Heloiza Candeia Ruthes,a Herisson Ferreira dos Santos,b Victor Almeida De Araujo,a,c* Maximiliano dos Anjos Azambuja,d Vinicius Borges de Moura Aquino,e Eduardo Chahud,f Luiz Antônio Melgaço Nunes Branco,f Higor Rogério Favarim,c Cristiane Inácio de Campos,c Francisco Antonio Rocco Lahr,g and André Luis Christoforo a

Tropical species are widely used in construction, and their physical and mechanical properties have been important characteristics with direct impact on the design of structures, especially the strength and stiffness of wood applied in them. Tests to obtain both parameters are conducted under ABNT NBR 7190 (1997) guidelines in Brazil, being rarely found in some research centers because of the higher costs of testing equipment. For instance, the toughness test depends on equipment with a pendulum, whose device requires accuracy and maintenance for reliable analyses. This paper aims to estimate toughness through another property more easily found, given by the compression strength parallel to the grain. For this, 20 tropical wood species of the South American region were used to obtain initial values of these properties. The characteristic values of the compression strength parallel to the grain as well as linear and quadratic regression models were obtained. Statistical analysis was performed and confirmed that a linear model gave better predictions than a quadratic model.

DOI: 10.15376/biores.18.2.3590-3597

Keywords: Toughness; Compressive strength; Regression models; Tropical woods; Characterization

Contact information: a: Department of Civil Engineering, Federal University of São Carlos, São Carlos, Brazil; b: Federal Institute of Education, Science and Technology of Rondônia, Ariquemes, Brazil; c: Science and Engineering Institute, São Paulo State University, Itapeva, Brazil; d: Department of Civil Engineering, São Paulo State University, Bauru, Brazil; e: Araguaia Engineering Institute, Federal University of Southern and Southeastern Pará, Santana do Araguaia, Brazil; f: Department of Civil Engineering, Federal University of Minas Gerais, Belo Horizonte, Brazil; g: Department of Structural Engineering, University of São Paulo, São Carlos, Brazil; *Corresponding author: va.araujo@unesp.br

INTRODUCTION

Because of extensive forests with numerous species, Brazil is among the largest global wood producers. Wood is used in construction due to its adequate performance.

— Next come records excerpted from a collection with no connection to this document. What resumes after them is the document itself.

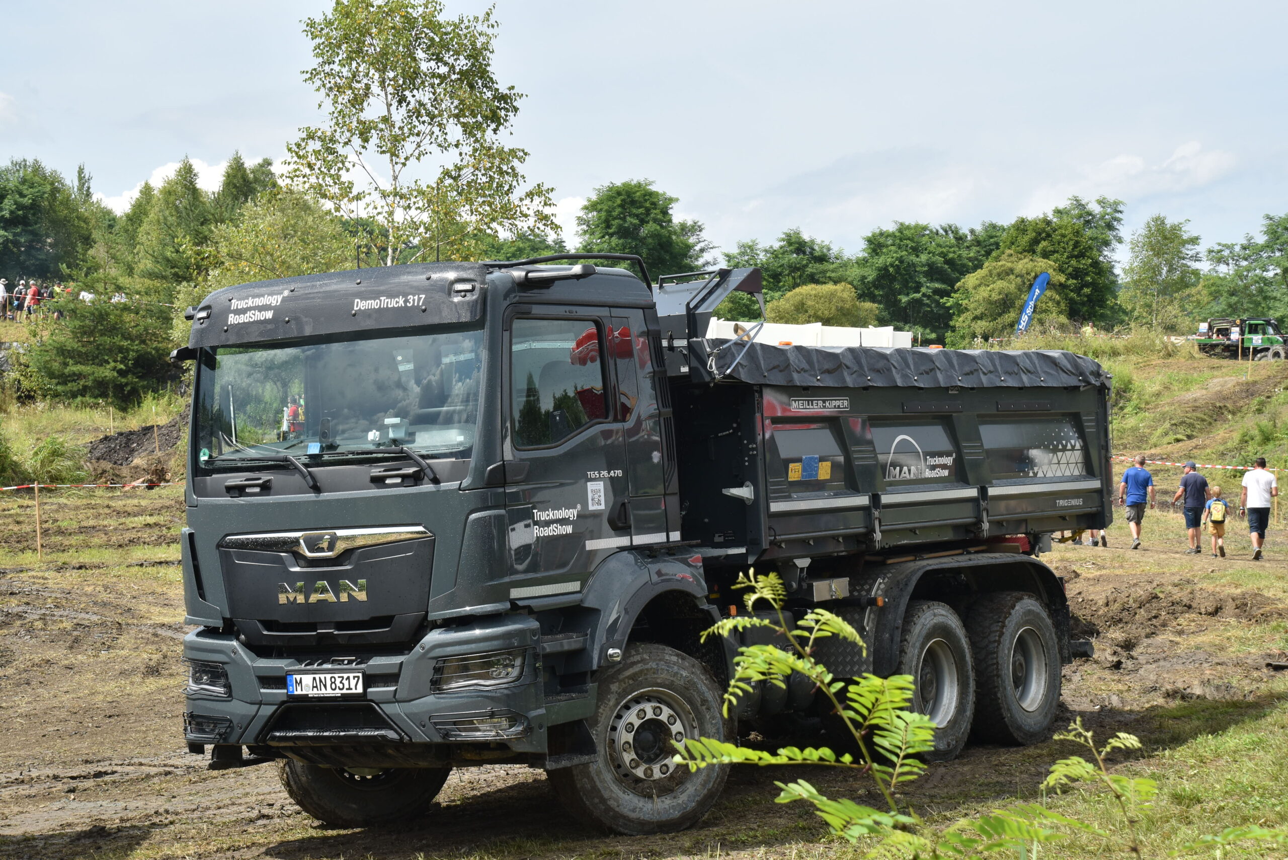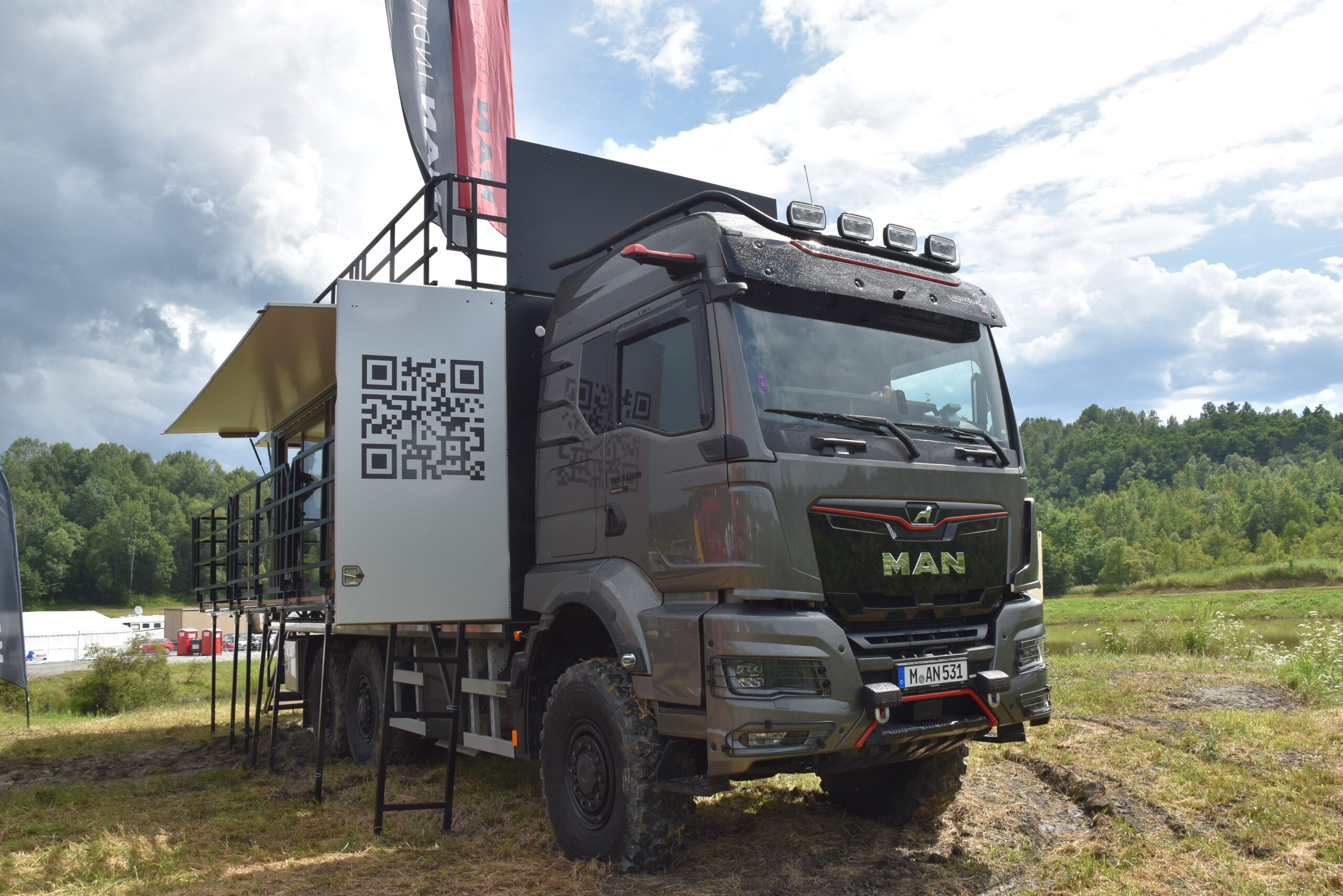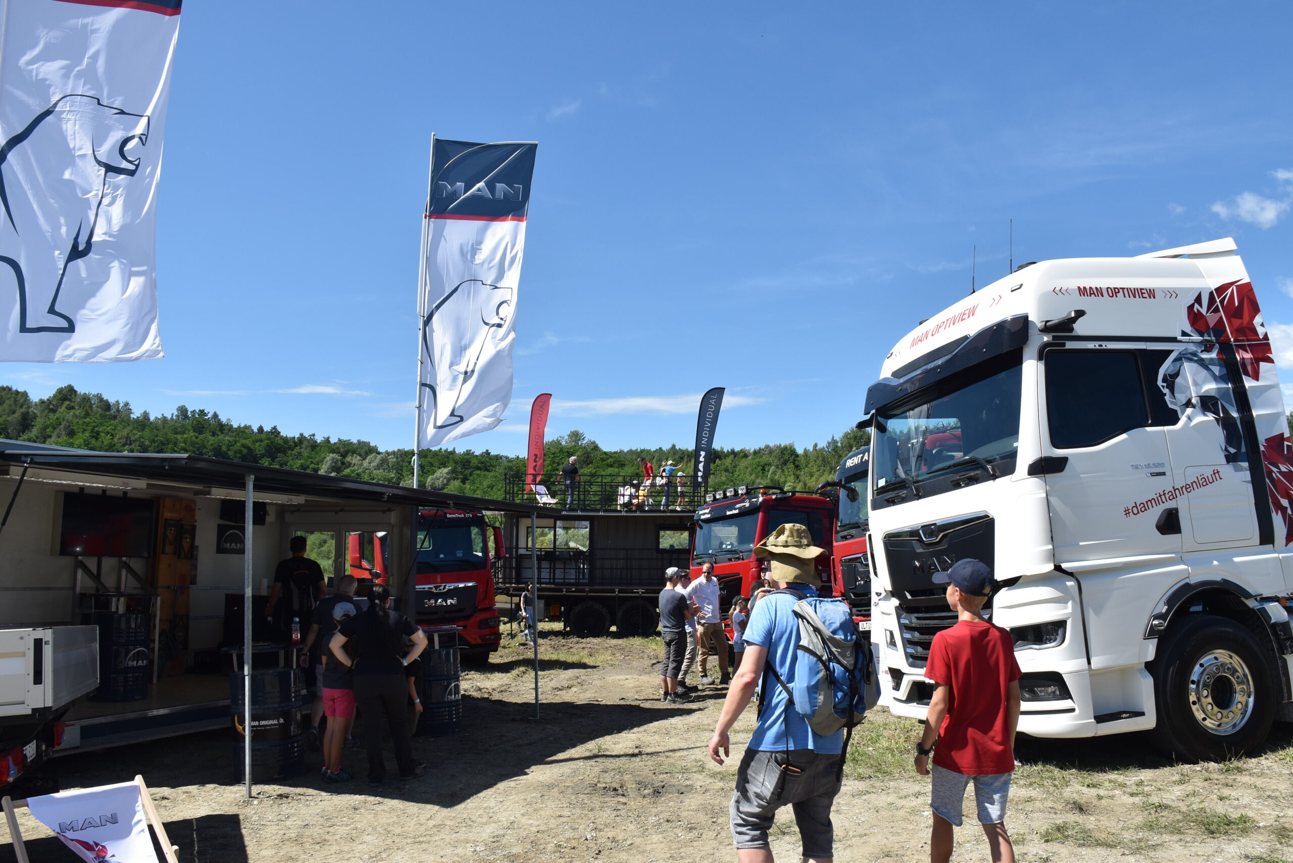 MAN war mit einer Fahrzeugausstellung mit Fokus auf Traktion vor Ort vertreten und bot für Interessenten Testfahrten gemeinsam mit MAN ProfiDrive im Gelände an. Neben einem Dreiachs- und Vierachskipper aus der Testflotte, war auch ein Vorführfahrzeug des Umbaupartners „Hendrickson“ verfügbar. Wer über keinen entsprechenden Führerschein verfügte, konnte am Beifahrersitz Platz nehmen – das Angebot wurde insbesondere von den jüngsten Gästen mit großer Begeisterung angenommen. Ein weiteres Highlight war der MAN Individual Showtruck, der auf seiner Dachterrasse einen perfekten Ausblick auf die Kurse ermöglichte und daher laufend von Gästen aufgesucht wurde. Der MAN-Stand wurde von zahlreichen Gästen besucht, unter denen sich auch einige Mitglieder des Commander Clubs befanden.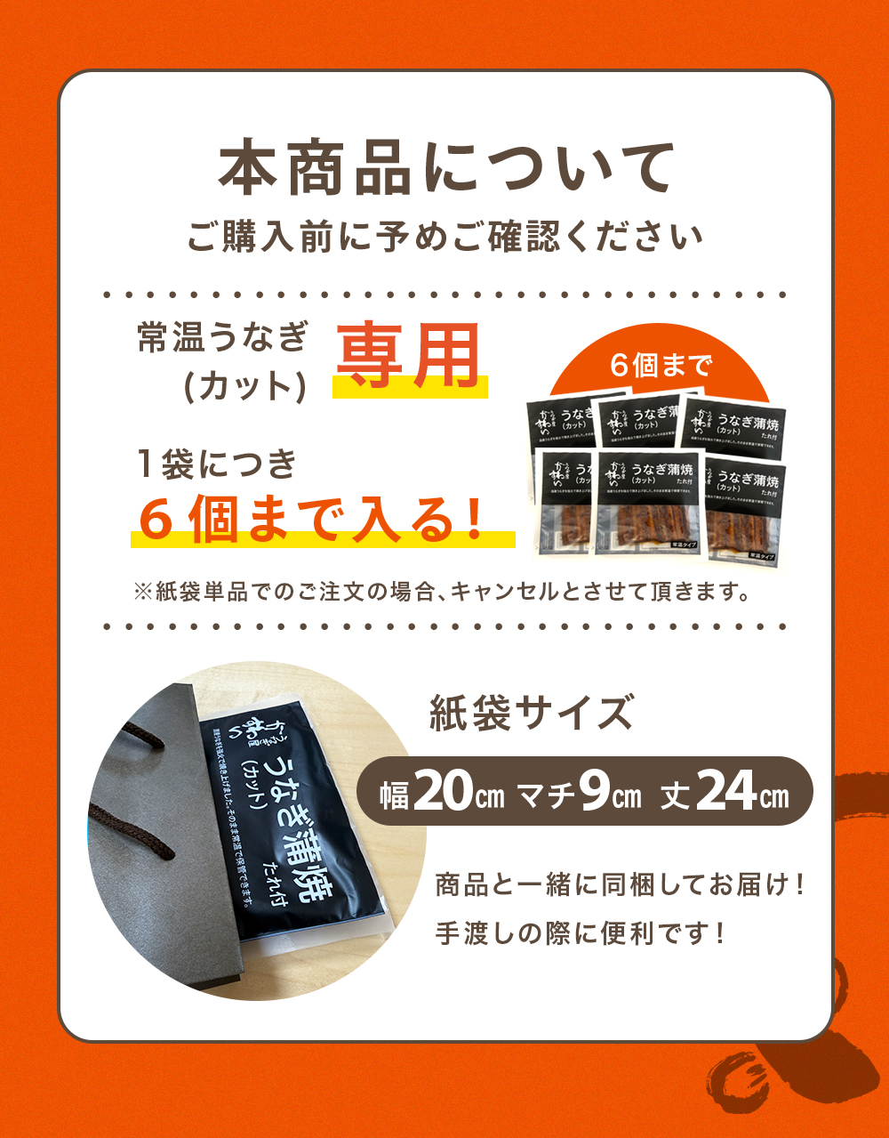 【常温うなぎ蒲焼きカット専用】ギフト用手提げ袋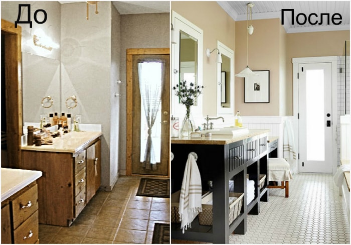 Косметический ремонт и замена старой мебели на стильные современные аналоги позволили освежить внешний вид санузла и привнести в интерьер нотки индивидуальности.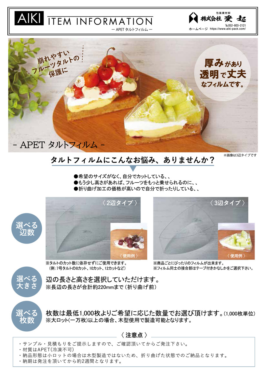 東海3県を中心に長年の実績。和洋菓子、ベーカリー、カフェ、テイクアウト用資材は愛起へお任せ下さい。
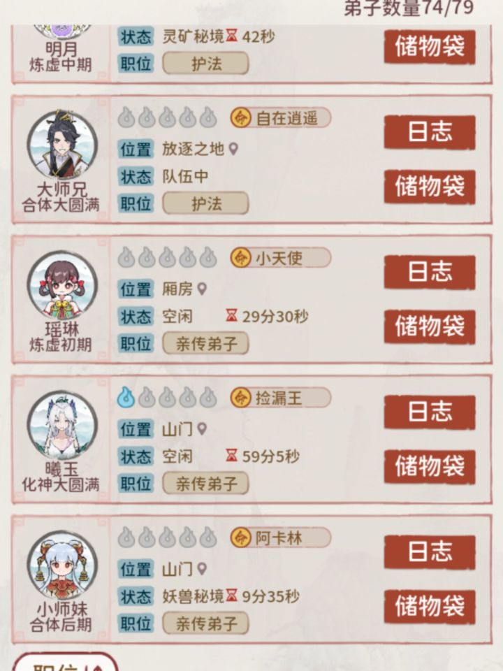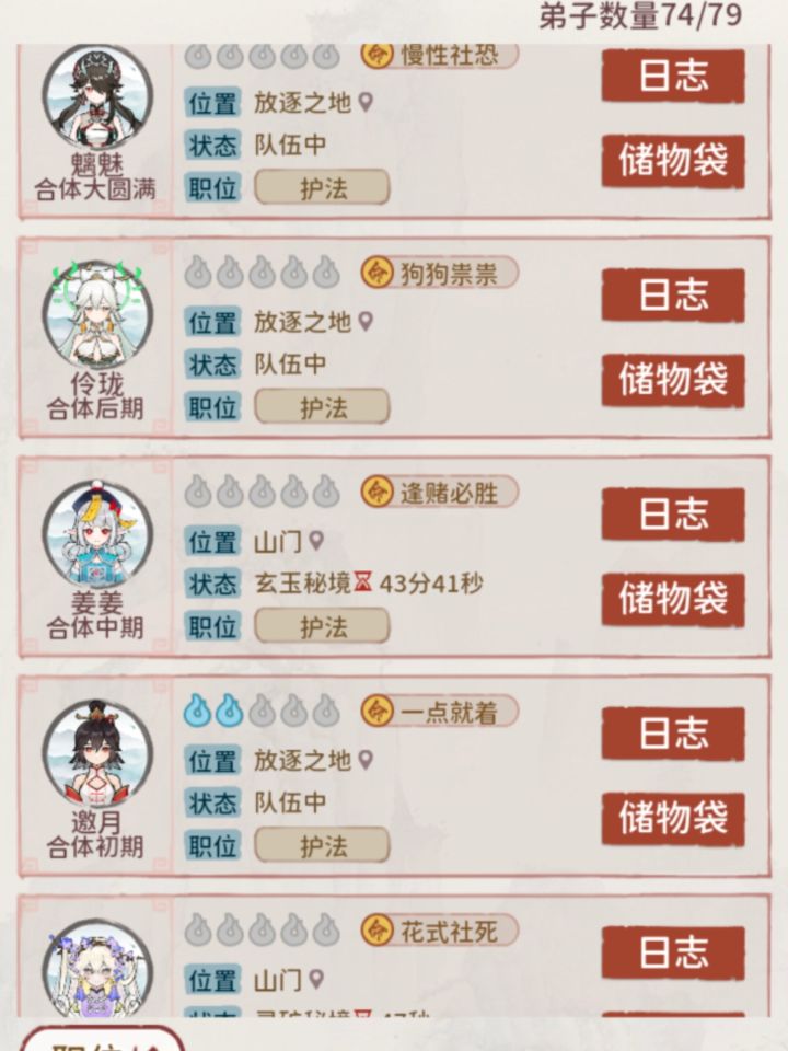 现在搞了好些弟子,不知道那几个比较好,也在攒礼物,想换更好的弟子,有无大佬指点指点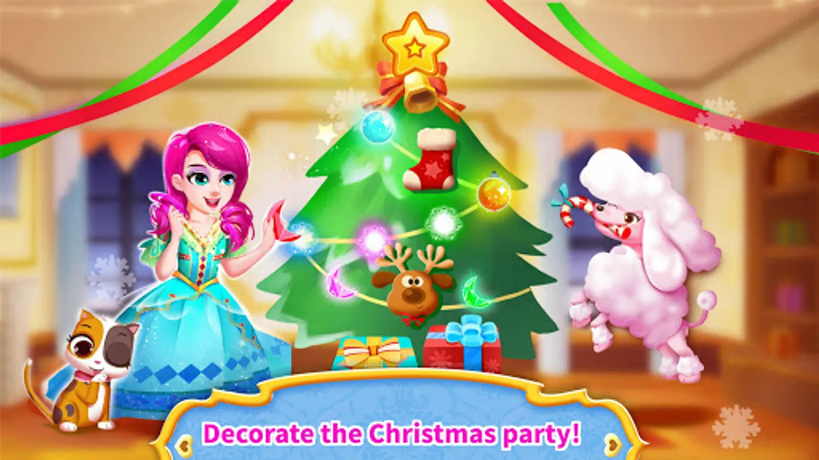 The princess and her pets are off to the party! The party decorations are not done yet? Hang up the Christmas colored lights. Decorate the Christmas tree with bells and Christmas stockings. Don't forget to get your Christmas presents ready!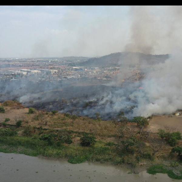 El fuego se observa a los lados de la urbanización La Perla, debajo del puente Vicente Rocafuerte, que conecta a Guayaquil con Daule.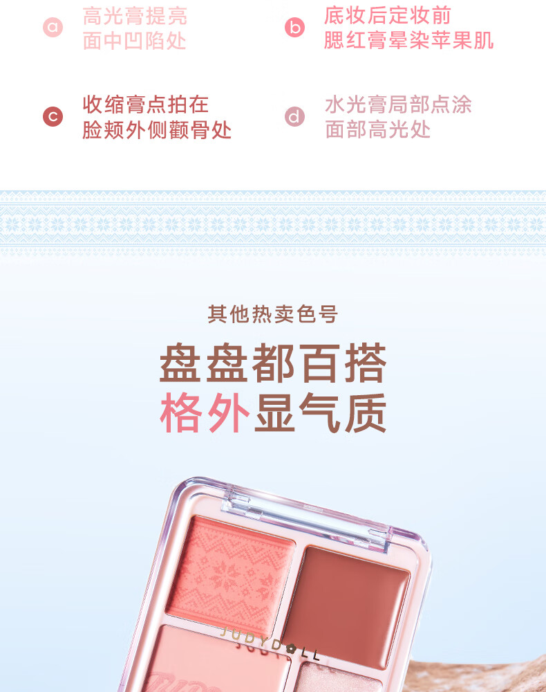 橘朵(Judydoll)腮红高光盘胭脂腮红膏腮红盘高光修容新年礼物07粉棕格调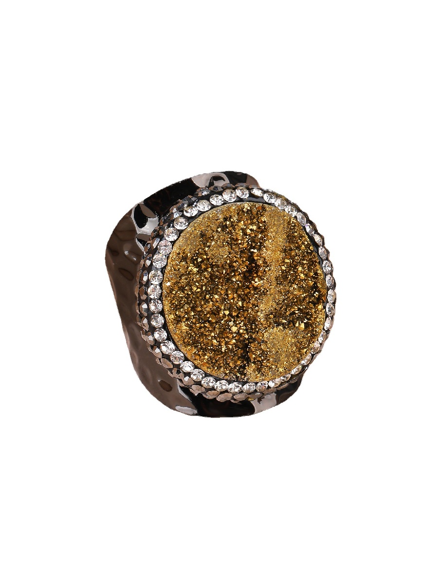 Gold agate druzy ring with sparkling rhinestone halo and a glossy adjustable black band. A powerful statement ring for confidence and abundance.
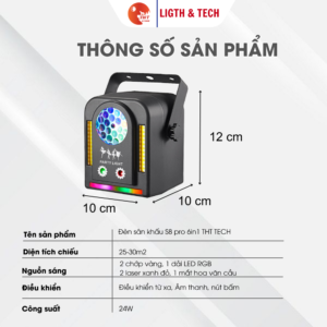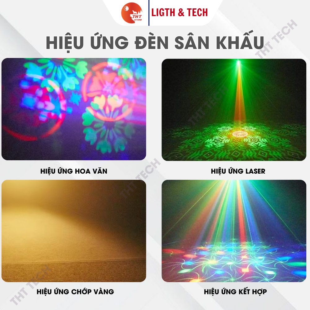 Hiệu ứng: dải LED RGB + Laser xanh/đỏ + hoa văn cầu + 2 chớp vàng

Solid woods, from natural and processed types, are indispensable materials for 17 different timber construction techniques. Timber buildings are produced through a rich possibility of exotic and native woods. About 50 wood species have been commercially utilized in Brazil, including 40 species naturally originating in this tropical region (De Araujo 2021a,b). This diversity justifies the importance of knowing physico-mechanical properties for projects of timber structures (Dias and Lahr 2004).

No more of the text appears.